• _DATA BLOCK_:

━━━

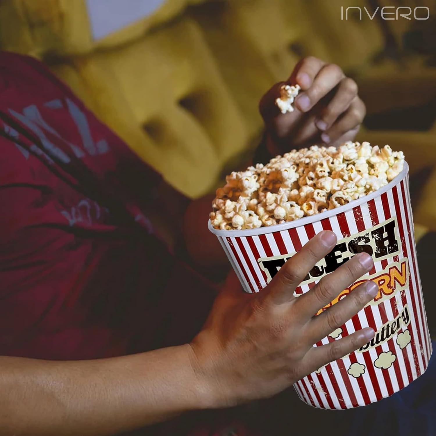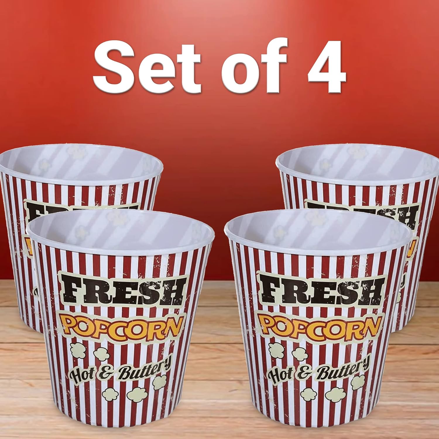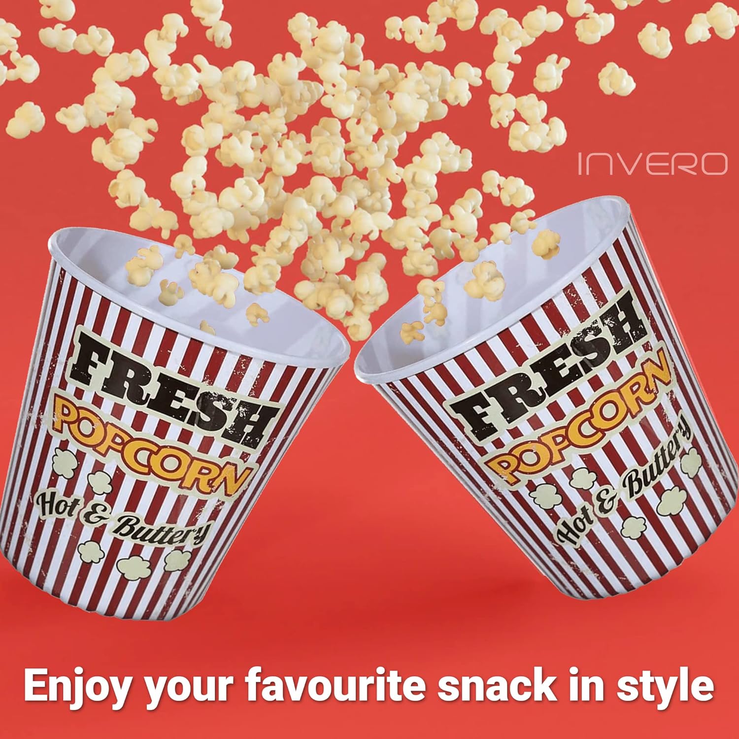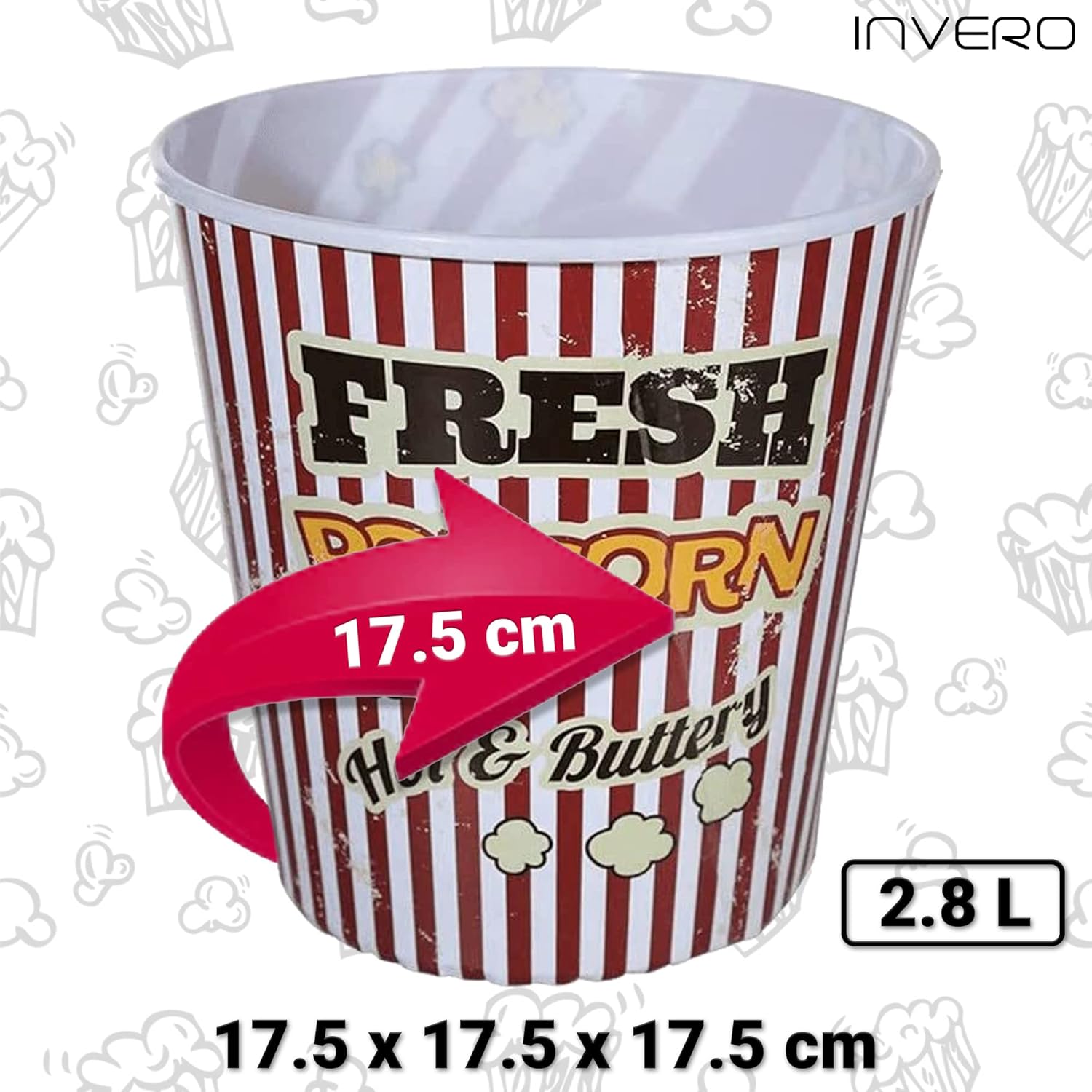 Perfetto per ogni amante dei popcorn. Ideale per tutta la famiglia e gli amici quando sono finiti. Il set include 4 secchi per popcorn. Accessorio indispensabile per gli amanti del cinema. Un buon film e una ciotola di popcorn appena fatti Essere verdi e smettere di usare prodotti usa e Questi contenitori sono realizzati in plastica resistente, progettati per essere riutilizzabili. Evita il fastidioso rumore delle borse per snack con questo guscio di materiale leggero. Materiale: plastica. Dimensioni: 17,5 x 17,5 x 17,5 cm.
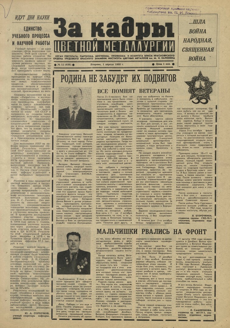 - Родина не забудет их подвигов. Мальчишки рвались на фронт : [фронтовой путь доцента кафедры физвоспитания В. Ф. Прядченко]. — С. 1.
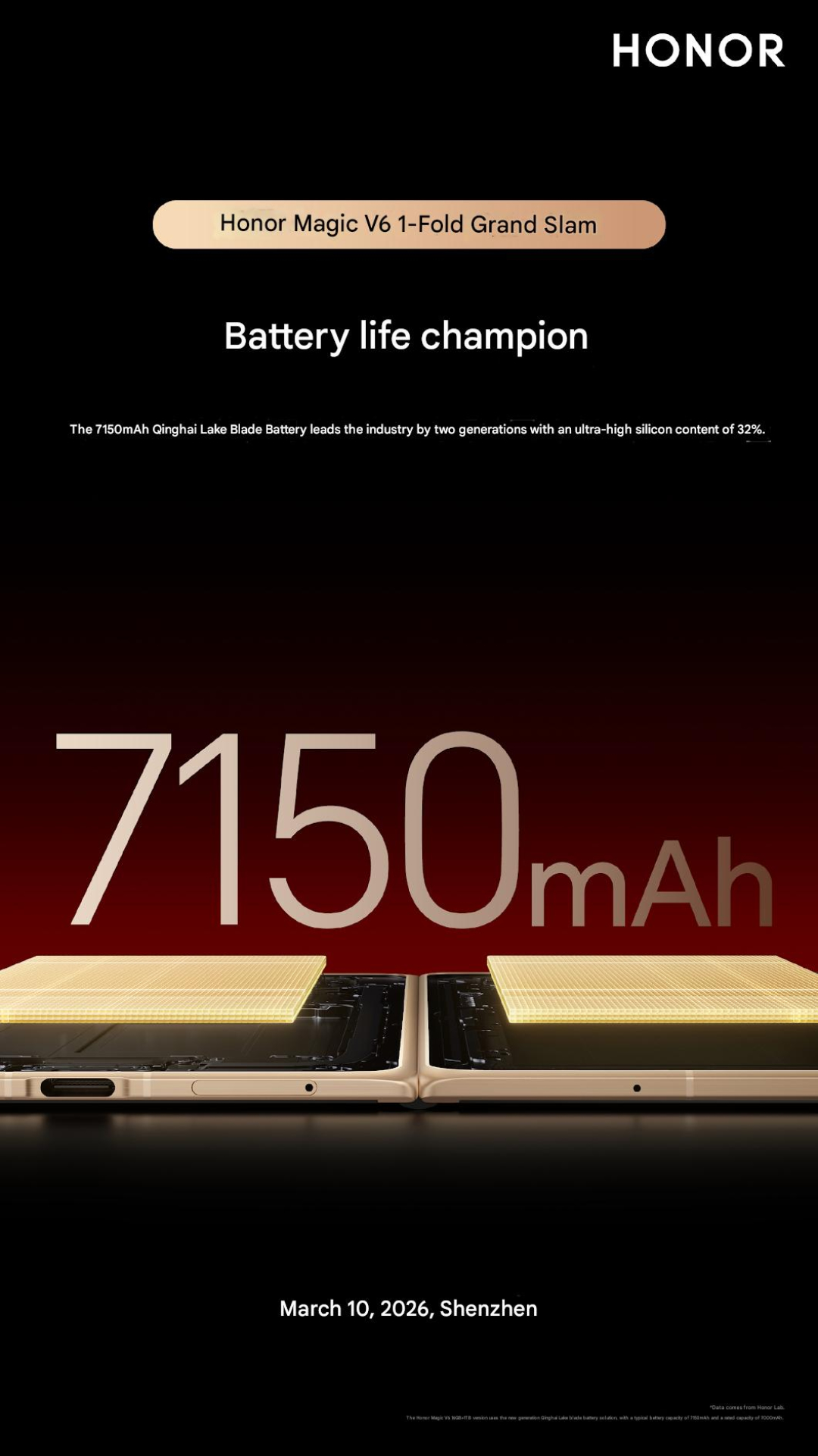 Кроме того, компания подтвердила, что китайский вариант будет поставляться с более емким аккумулятором, чем его глобальный аналог. Как показано на изображении ниже, Magic V6 будет оснащен батареей емкостью 7 150 мАч, а не 6 600 мАч, как его глобальный собрат. Судя по недавним утечкам, в Китае некоторые модели Magic V6 будут оснащаться аккумуляторами емкостью 6 850 мАч.
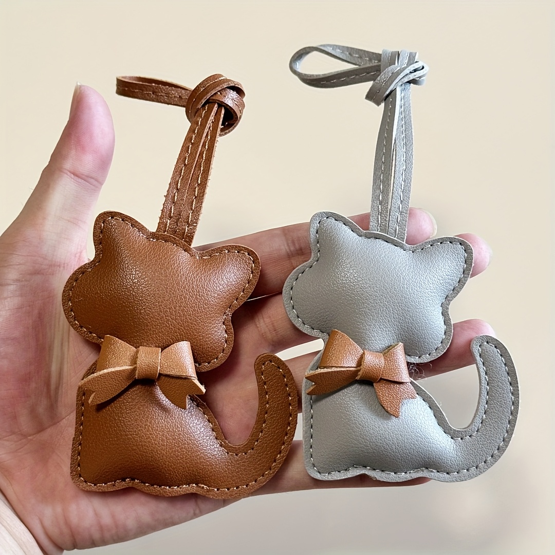 TEMU 2개 세트 우아한 고양이 매력 - PU 가죽 키체인 & 백 펜던트, 브라운 리본 장식, 여성과 소녀를 위한 귀여운 키티 액세서리 - 발렌타인데이, 생일, 특별한 날 선물로 완벽한 선택 (다크 그레이), 고급스러운 공예품, 스타일리시 키체인, 데코 레이스 디테일

━━━

• _ACTIVITY_: Would you copy out all the data exactly, without the images?

• _RESPONSE BOX_:
 Perfetto per ogni amante dei popcorn. Ideale per tutta la famiglia e gli amici quando sono finiti. Il set include 4 secchi per popcorn. Accessorio indispensabile per gli amanti del cinema. Un buon film e una ciotola di popcorn appena fatti Essere verdi e smettere di usare prodotti usa e Questi contenitori sono realizzati in plastica resistente, progettati per essere riutilizzabili. Evita il fastidioso rumore delle borse per snack con questo guscio di materiale leggero. Materiale: plastica. Dimensioni: 17,5 x 17,5 x 17,5 cm.
 - Родина не забудет их подвигов. Мальчишки рвались на фронт : [фронтовой путь доцента кафедры физвоспитания В. Ф. Прядченко]. — С. 1.
 Кроме того, компания подтвердила, что китайский вариант будет поставляться с более емким аккумулятором, чем его глобальный аналог. Как показано на изображении ниже, Magic V6 будет оснащен батареей емкостью 7 150 мАч, а не 6 600 мАч, как его глобальный собрат. Судя по недавним утечкам, в Китае некоторые модели Magic V6 будут оснащаться аккумуляторами емкостью 6 850 мАч.
 TEMU 2개 세트 우아한 고양이 매력 - PU 가죽 키체인 & 백 펜던트, 브라운 리본 장식, 여성과 소녀를 위한 귀여운 키티 액세서리 - 발렌타인데이, 생일, 특별한 날 선물로 완벽한 선택 (다크 그레이), 고급스러운 공예품, 스타일리시 키체인, 데코 레이스 디테일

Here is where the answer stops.